= Saigon (Killmaster novel) =

1964 novel by Michael Avallone and Valerie Moolman

First edition

Saigon is the sixth novel in the long-running Nick Carter-Killmaster series of spy novels. Carter is a US secret agent, code-named N-3, with the rank of Killmaster. He works for AXE – a secret arm of the US intelligence services.

==Publishing history==
The book was first published in December 1964 (Number A122F) by Award Books part of the Beacon-Signal division of Universal Publishing and Distributing Corporation (New York, USA), part of the Conde Nast Publications Inc. The novel was written by Michael Avallone and Valerie Moolman. Copyright was registered in the US.

==Plot summary==
The story is set in August–September 1964. Claire La Farge, widow of a French intelligence officer, lives in a large rice and tea plantation in North Vietnam. One night she receives a coded message in the form of a knotted belt (quipu) from a former associate of her husband. She sends her trusted servant, Saito, to Saigon to place an advert in the personal column of the Times of Vietnam hoping to contact former colleagues of her husband who can decode the message. Raoul Dupre, a former French intelligence officer and businessman in Saigon, reads the ad and makes contact. Agent Nick Carter, in Saigon posing as a WHO medical observer, answers the ad on a hunch and learns of Dupre's involvement. Dupre's daughter, Antoinette (Toni), has become a heroin addict under the influence of Lin Tong – a Chinese communist spy interested in finding out the truth about her father.

Hawk orders Carter to help Raoul Dupre contact Claire La Farge to retrieve the coded message. Antoinette tells Carter that Lin Tong is pressing her to spy on her father and that she has revealed to Lin Tong what she has overheard of the coded message and the American agent who would be coming to help. Lin Tong follows Antoinette and Carter to a secluded rendezvous where he accidentally shoots and kills her. Carter and Lin Tong race each other to North Vietnam. Carter heads for the La Farge plantation accompanied by Saito while Lin Tong contacts his communist guerilla allies to be on the lookout for a western agent.

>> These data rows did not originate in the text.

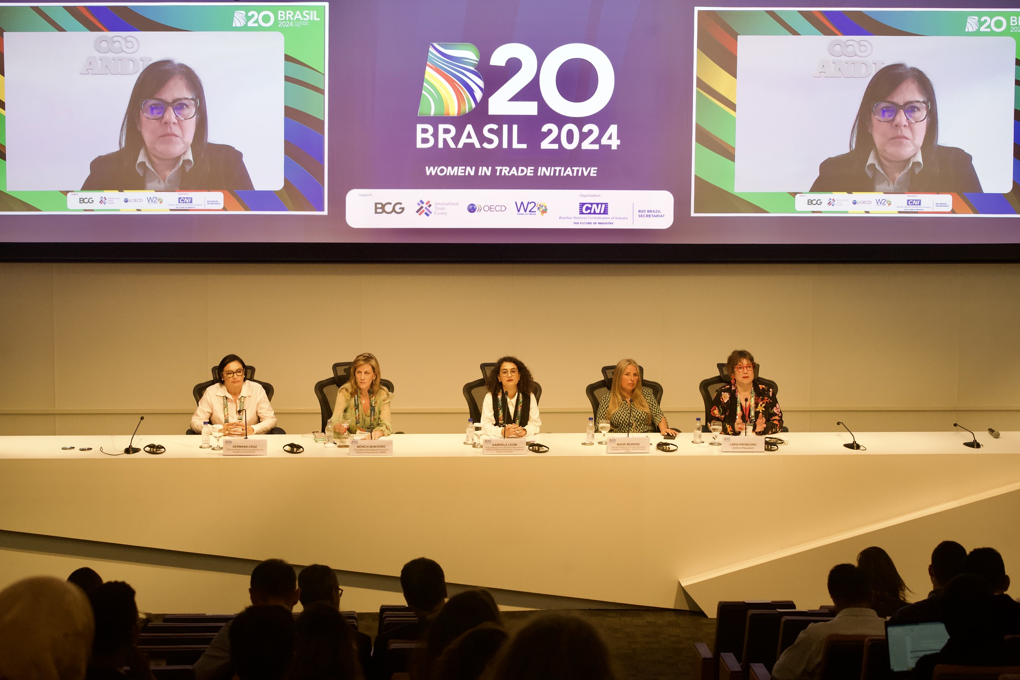 Participaron en la actividad Janaína Gama, codirectora del Grupo de Compromiso Women20, y Tatiana Prazeres, secretaria de Comercio Exterior del Ministerio de Desarrollo, Industria, Comercio y Servicios (MDIC), quien coordina el Grupo de Trabajo de Comercio e Inversiones del G20. Ambas tuvieron intervenciones en la apertura del evento. Esta fue una iniciativa de colaboración entre los grupos y un intercambio entre el Canal de Sherpas y el G20 Social, uno de los principales objetivos del G20 Brasil.
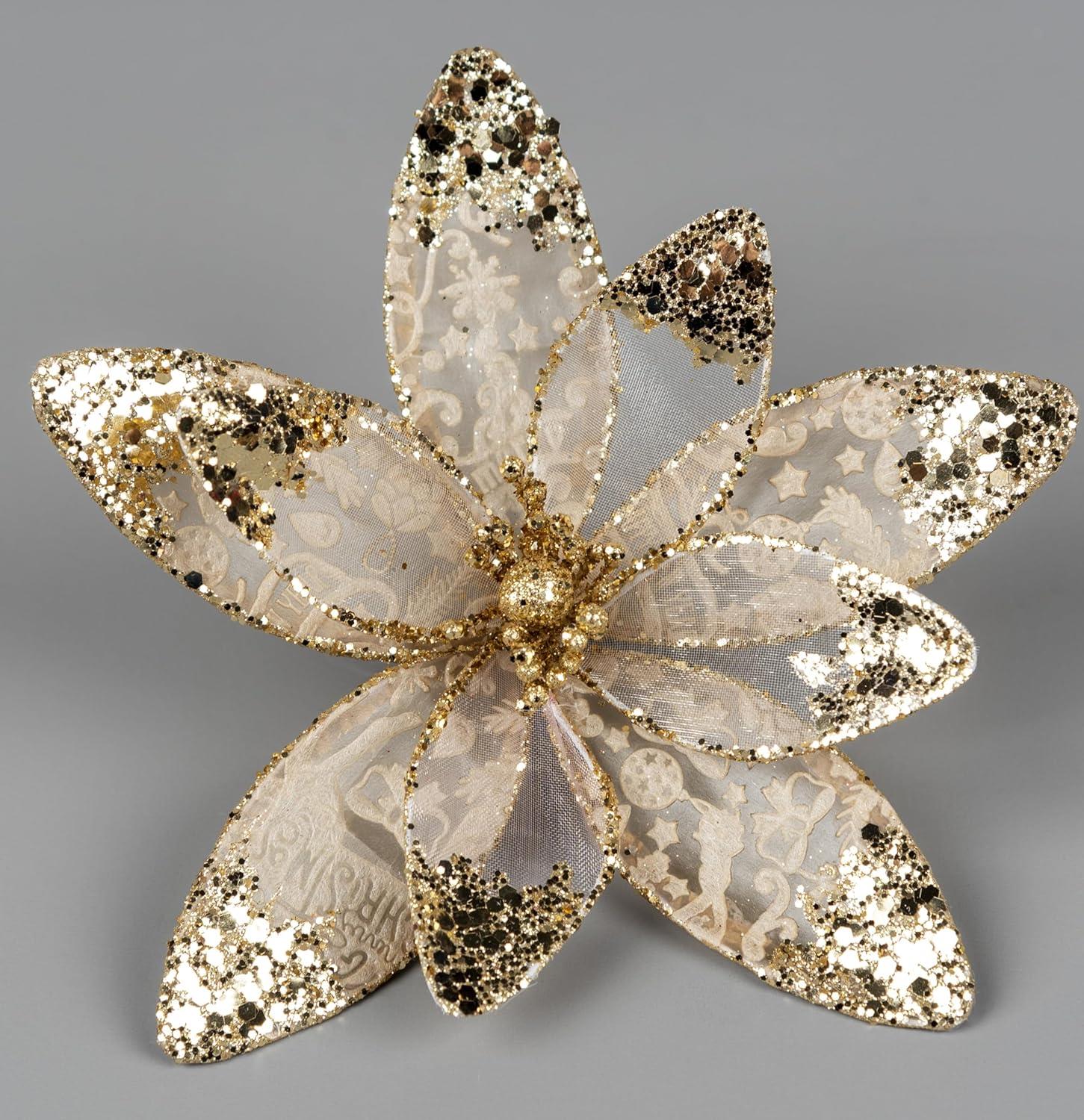 - Large deluxe quality velour glitter flower ornaments are inspired by the real poinsettia with rich details.
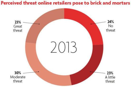 Interestingly, respondents are almost evenly split on the question of whether online retailers pose a danger to their businesses and, if so, how much. It has been a hot topic in recent years, but maybe brick-and-mortar store owners are feeling less threatened.
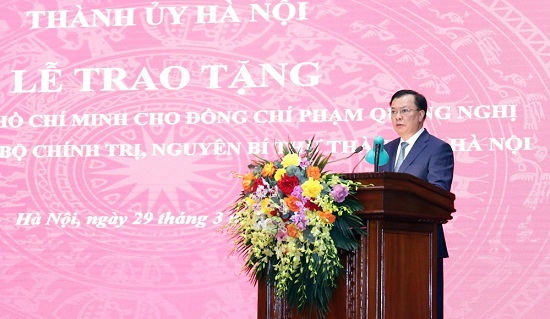 Bí thư Thành ủy Hà Nội nêu rõ, trong suốt hơn 50 năm công tác, cống hiến, trải qua nhiều cương vị, vị trí khác nhau, đồng chí Phạm Quang Nghị luôn trung thành với Đảng, với Tổ quốc, với nhân dân; không ngừng học tập, phấn đấu, rèn luyện, tu dưỡng, giữ gìn, nêu cao và lan tỏa phẩm chất đạo đức cách mạng trong sáng, tính tiền phong, gương mẫu của người cán bộ, đảng viên.
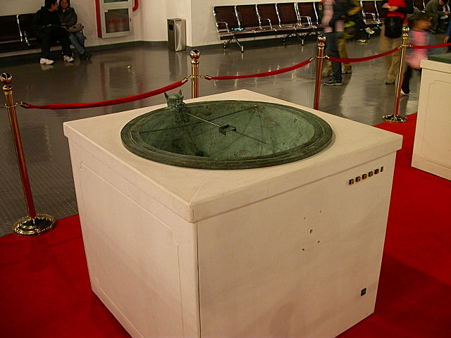 Ancient Chinese up-facing instrument for measuring the position of the Sun in the Celestial Globe
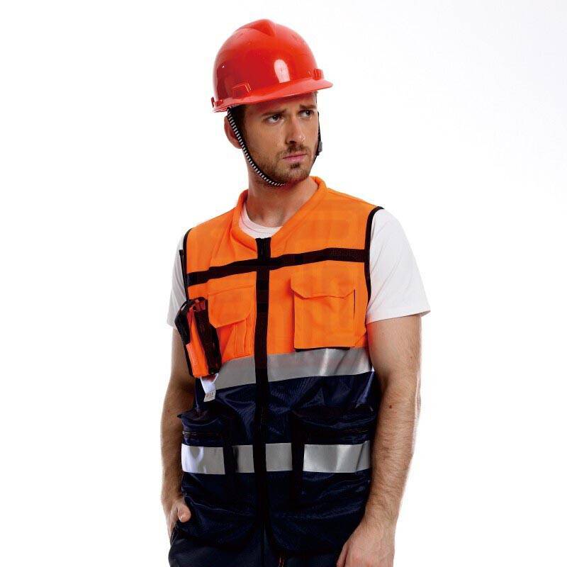 安大叔 A516Q 高警示多功能反光背心 荧光橙拼深蓝;
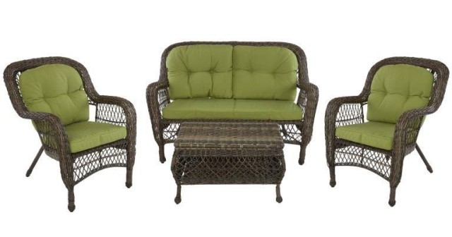 Мы хотим предложить вам подушки, предназначенные для комплекта садовой плетёной мебели АМ-520, в комплекте присутствуют подушки для дивана и двух кресел, спинка и сидение являются раздельными. Подушки для спинки прошиты при помощи пуговиц, они имеют зелёный цвет. В качестве наполнителя для сидения используется поролон, в качестве наполнителя для спинки хлопковый очес. Подойдут подушки для кресла, высота которого составляет 91,5 см, глубина 80 см, а ширина 74 см. Также есть подушки для дивана, высота которого составляет 91,5 см, глубиной 80 см, шириной 142 см.
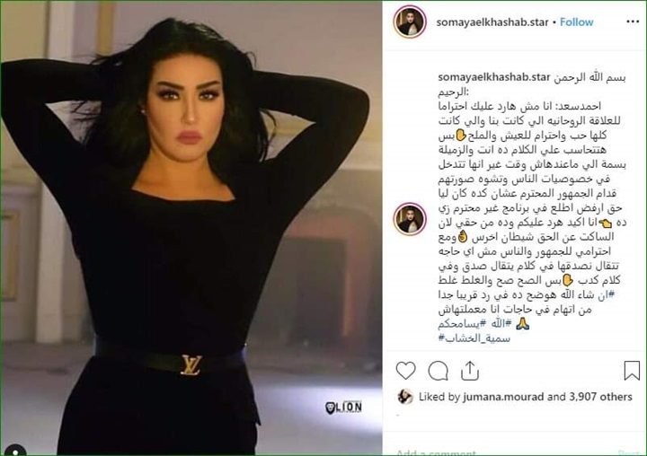وقالت سمية الخشاب: "بسم الله الرحمن الرحيم أحمد سعد : أنا مش هرد عليك احتراما للعلاقة الروحانية اللى كانت بينا، واللى كانت كلها حب واحترام للعيش والملح، بس هتتحاسب على الكلام ده أنت والزميلة بسمة.. أنا أكيد هرد عليكم وده من حقى لأن الساكت عن الحق شيطان أخرس، ومع احترامى للجمهور والناس مش أى حاجة تتقال نصدقها، فيه كلام يتقال صدق، وفيه كلام كدب، بس الصح صح والغلط غلط، إن شاء الله هوضح ده فى رد قريبا جدا من اتهام فى حاجات أنا ماعملتهاش".
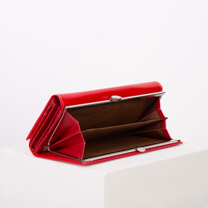 Кошелёк женский на кнопке, 4 отдела, 2 отдела на рамке, для карт, цвет красный
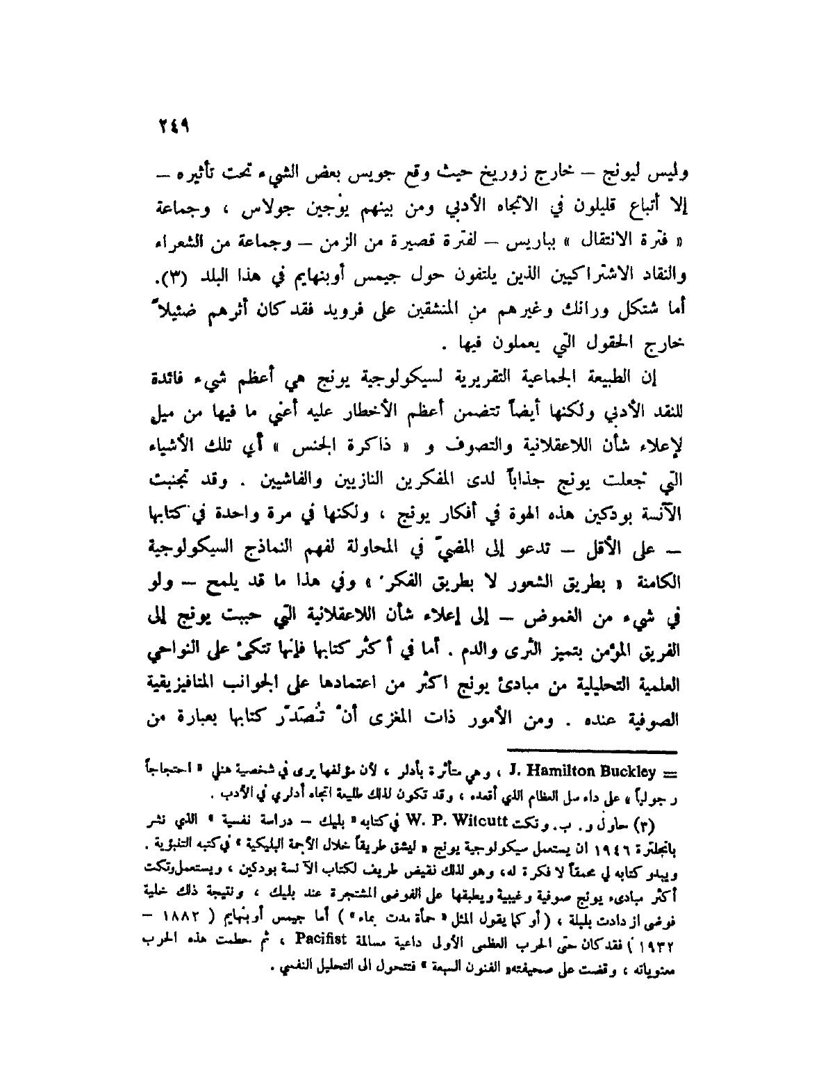(1) حاول و. ب. وتكت W. P. Witcutt في كتابه " بليك - دراسة نفسية " الذي نشر بإنجلترة 1946 أن يستعمل سيكولوجية يونج " ليشق طريقاً خلال الأجمة البليكية " في كتبه التنبؤية. ويبدو كتابه لي محمقاص لا فكرة له، وهو لذلك نقيض طريف لكتاب الآنسة بودكين، ويستعمل وتكت أكثر مبادئ يونج صوفية وغيبية ويطبقها على الفوضى المشتجرة عند بليك، ونتيجة ذلك خلية فوضى ازدادت بلبلة، (أو كما يقول المثل " حمأة مدت بماء ") أما جيمس أوبنهايم (1882 - 1932) فقد كان حتى الحرب العظمى الأولى داعية مسالمة Pacifist، ثم حطمت هذه الحرب معنوياته، وقضت على صحيفته " الفنون السبعة " فتتحول إلى التحليل النفسي.

Lin Tong arrives at the La Farge plantation first with a small group of North Vietnamese soldiers. He starts to interrogate and torture Claire La Farge concerning the location of the coded message. Carter and Saito arrive shortly afterwards. They assemble the plantation workers still loyal to Claire La Farge and overpower the North Vietnamese soldiers. Lin Tong is captured and Claire La Farge is released. Raoul Dupre arrives by helicopter to take Carter and Lin Tong back to Saigon. The quipu belt is decoded as a list of Chinese communist spies living and working in South Vietnam. Raoul Dupre takes charge of eliminating the spies, while Carter returns home.

==Main characters==
- Nick Carter (agent N-3, AXE; posing as WHO medical observer)
- Mr Hawk (Carter’s boss, head of AXE)
- Claire La Farge (widowed French rice / tea plantation owner)
- Saito (Japanese servant of Claire La Farge)
- Raoul Dupre (businessman and former French intelligence officer, father of Antoinette)
- Antoinette (Toni) Dupre (daughter of Raoul)
- Lin Tong (Chinese communist spy, lover of Antoinette)
- Ho Van Minh (N. Vietnamese general)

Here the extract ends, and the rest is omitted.